Our response is enduring submission. We make ourselves available to receive discipline, without resistance, without running away and demanding to be treated better or accepted as we are. Note the words: “respect, submit, painful, trained.” Note that such respect should be normal for earthly fathering leaders, but how much more this respect should be normal for Father’s authentic children. That is, it is normal for an authentic believer to desire discipline, seek accountability, and stay put for it until it has worked thoroughly and completely what it was designed to do!
This Scripture doesn’t preclude human fathering leadership. It assumes that we will respect that leadership as a basis for understanding a greater respect for “the Father of spirits.” The effects of one being temporal. The effects of the other being eternal. We should all be ready to help those weary with this enduring discipline experience so they won’t quit! We should also make the path people are walking as clear and simple as possible so that no matter the condition of people walking this path of discipling will become strong.
The point? Endurance is learned, developed, and essential, and discipling leadership must produce endurance if it is to be successful in discipling. Endurance is what the Father is after in His people because endurance keeps them in process to be teachable and transformable lest they short-circuit what He is doing to help them reach fullness so they can fulfill destiny and purpose.
Marking the Endurable People
While I would love, as a father, to protect my children from any pain, I am responsible as a father to administer strategic discomfort. I find my description of people as “quitters” rather harsh, but I’m trying to find a better way to characterize the behavior of people being prepared for leadership who simply don’t wish to endure patiently the process of preparation. When the going gets tough, they quit. I call that “quitting” and people who practice it “quitters.” I don’t mean that as harshly as it sounds, but I also don’t wish to make the practice seem less serious than it is. Why? Because this quitting short-circuits their realization of destiny fulfillment.

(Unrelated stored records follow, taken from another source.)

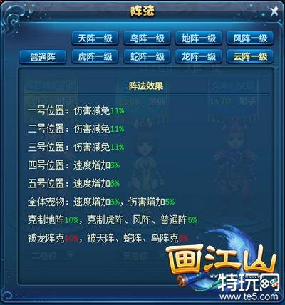 众所周知,八阵图是三国诸葛亮创设的一种阵法,阵法之中兼容天文地理,其中种种玄妙不可多得。《画江山》原有的天阵、地阵、鸟阵、龙阵、虎阵、蛇阵的基础之上又增加了风阵和云阵,让八阵齐聚。并且在此基础上增加了阵法克制效果,全面杜绝一阵打天下的状况,给玩家的战斗变化创造了更多的可能性。
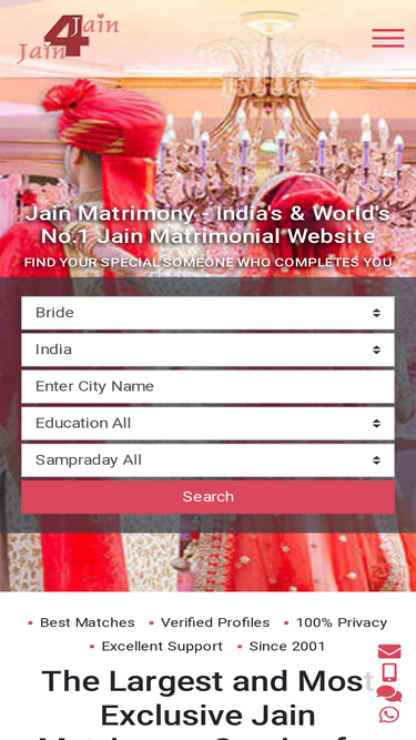 97%No.1 Jain matrimonial website for jain community in India, USA, UK, etc. to help you finding the best suitable partner match. FREE Online Registration.
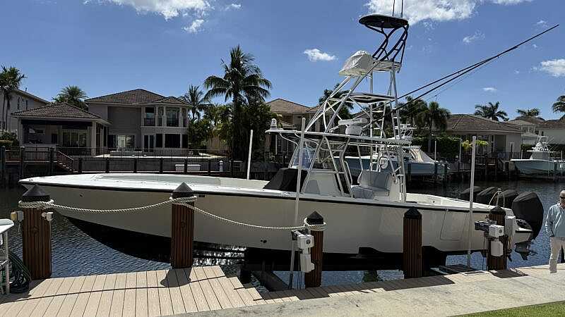 3-Sided Polycarbonate Console Enclosure, Custom Side Dive Door w/Ladder, Fresh Water 90 Gallon Custom Tank Washdown & Shower, Gemlux Bluewater Outrigger Bases w/22′ Lees Carbon Fiber Poles, Fiberglass Helm/Tackle Station w/Deep Storage, Slide Out Frigid Rigid Cooler & Seat Cushion, Transom Livewell + 2-Floor Wells + Frw Floor Livewell + 2-Above Deck Hook Ups Powered by 2-3-Pump Seachests, 18-Console Rod Holders, 43 -Gunnel Rod Holders + 2-Swivel & 7-Electric Reel Outlets, Under Gunnel Lighting Blue, 7 AGM31 Batteries w/Onboard Charger & 30amp Shore Power Hookup, Electronics: Full Raymarine Pkg: 12″ GPS In Tower, 2-16″ GPS Hydro Touch @ Helm w/12KW Open Ray Radar + Auto Pilot Full JL Audio Sound System, Donny 5617224261
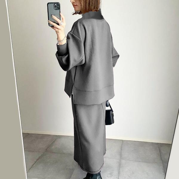 高見えデザイン ファッション ラウンドネックトップス+無地 スカート 二点セット
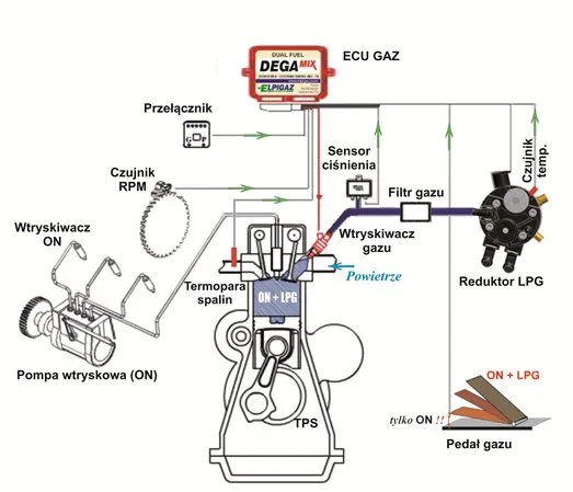 Kluczowe informacje:- Instalacja gazowa w dieslu polega na wtryskiwaniu mieszanki gazu i powietrza, co zmniejsza zużycie paliwa.
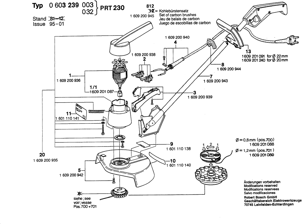 Lista de las piezas de repuesto de Bosch 0603239003 ( PRT230 )
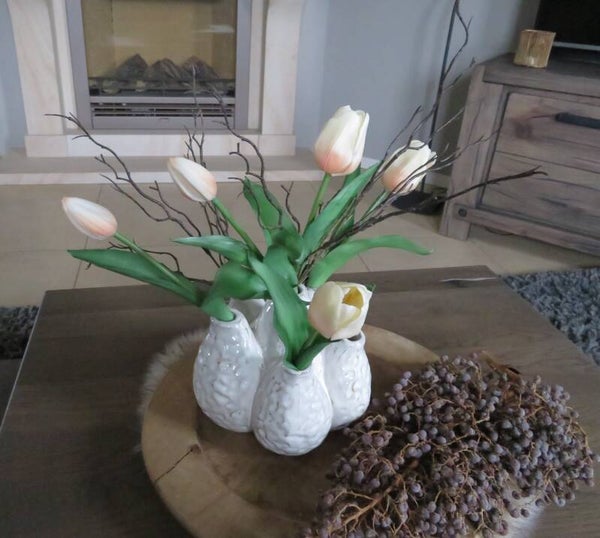 Mooi opgemaakte tulpenvaas van Countryfield met zalm/witte kunsttulpen ( 5 stuks ) en takken
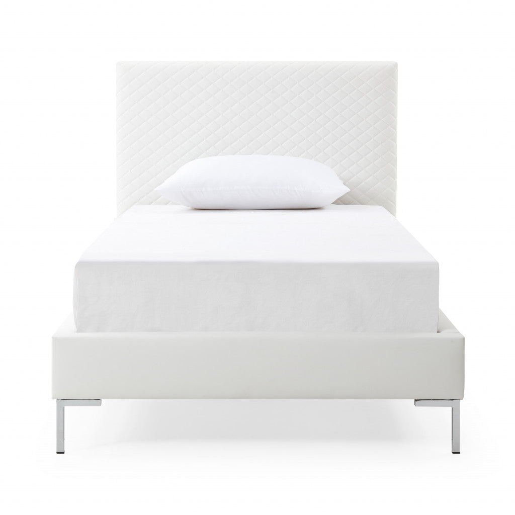 Update and anchor your room in style with the fabulous twin size white upholstered faux leather bed frame. This partially upholstered bed frame is covered in a beautiful and dreamy cloud white faux leather that brings a unique and special touch to your room. Built to last, this piece not only looks good but reflects high quality craftsmanship from top to bottom. This bed is the perfect way to make your bedroom comfortable and inviting.43" H x 42.5" W x 81" D
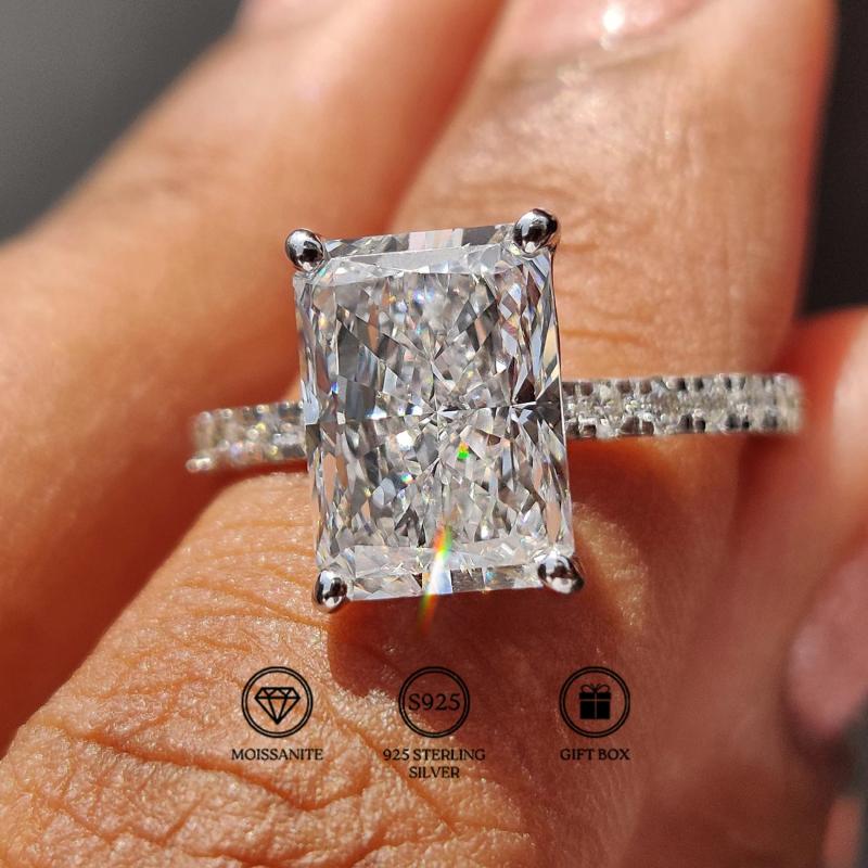 This stunning Shavano sterling silver ring features a beautiful moissanite stone in 1, 2, or 3 carat size. It is 18K gold plated, making it perfect for all seasons. An ideal gift for Valentine's Day, weddings, or banquets.
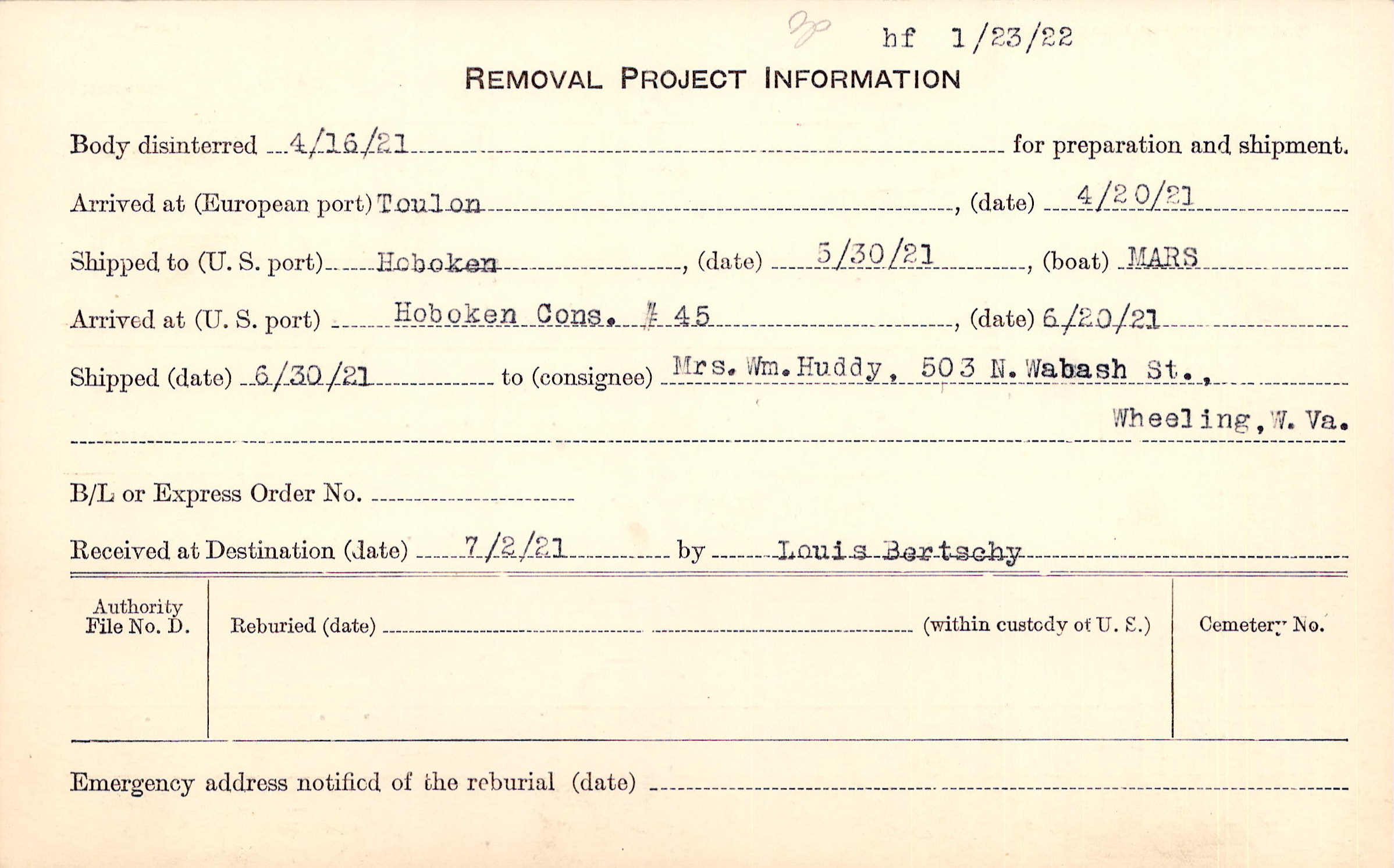 to Mrs. Wm. Huddy, 503 N. Wabash St., Wheeling, W. Va.

Quitters enter their futures less prepared to obey God because they lack the deeper experiences that submission provides them.
Jesus learned obedience. How? By what He suffered. He endured by submitting to Father’s pathway for His preparation, endured what He could have avoided, but His submission prepared Him for His obedience, and He was completed in order to become the Source of eternal salvation for those that obey Him.
The ones who obey Him will learn obedience by what they suffer, by what their submission keeps them in place to experience so they are prepared as authentic children to inherit and fulfill purpose. Without this process, they are ready. Father knows exactly what they need to experience in order to be ready, and He faithfully provides the discipline needed for that readiness. Obedience requires the strength of will that submission allows us to experience.